Coding Horror is a website I recently discovered through Jason, one of my friends from work. Jeff Atwood, the blogger who runs Coding Horror, writes about a number of different computer related things, many of which are of direct interest to me. A word of warning: if you aren't a developer / computer person, your interest in the site will be limited.
One of the things he wrote about recently was his success with his blog and what the trick to having a successful blog is. The part that struck a chord with me was the frequency: he suggested that you pick a scheduled number of posts and stick with it.
After reading this, I realized that I had been neglecting my blog; while I do not write about a specific topic, and the audience I really write for is mostly just myself, I felt that I would benefit from the discipline of writing a predetermined number of times per week. Additionally, I do enjoy writing and story-telling and a schedule would encourage me to take the time to do something I enjoy.
Two weeks ago, I decided to revamp my blog and also picked a posting schedule: I am posting three times a week, preferably on Mondays, Wednesdays and Fridays. Thus far, I have not missed a day. I think part of my success comes from several things: the first is that, with a schedule, I now have a target posting deadline in mind, and I will start a day or two before I actually post; this gives me plenty of time to formulate an idea for a post and to fill it out in time to meet my schedule.

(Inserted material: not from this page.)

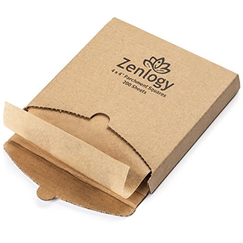 Precut squares for Your Convenience These natural brown unbleached parchment paper sheets are perfect for separating hamburgers and cookies and other creations. No more having to deal with trying to cut the exact size from parchment paper. Eliminate wasting extra paper from parchment rolls. You may find that other parchment sheets will not provide the exact fit that ours do. Multiple Uses and Versatile From delicate cookies to sticky caramel buns, every baked item slips right off the parchment paper sheets. They can be used for baking besides storing. Non-Toxic The parchment sheets are environmentally friendly and are unbleached. They are better for your health and also more pliable than the white wax paper. Zenlogy's parchment is coated with non toxic vegetable silicone to make them greaseproof. Easy Storage Comes in a perforated box so you can pull out sheets as needed while storing them securely. 0

The second is that I only write about one thing per post now; previously, I would notice that I hadn't posted in a long while and try to cram everything I had to say into one post. This would leave me without anything to say for the next post, and there would be a large gap between posts, again.
The third is that I am less picky about the final result. I don't mean to say that quality isn't important, but not every post has to be a perfect dissertation on a topic of utmost urgency and importance. I am much more likely to post now that I don't feel like I need to be profound.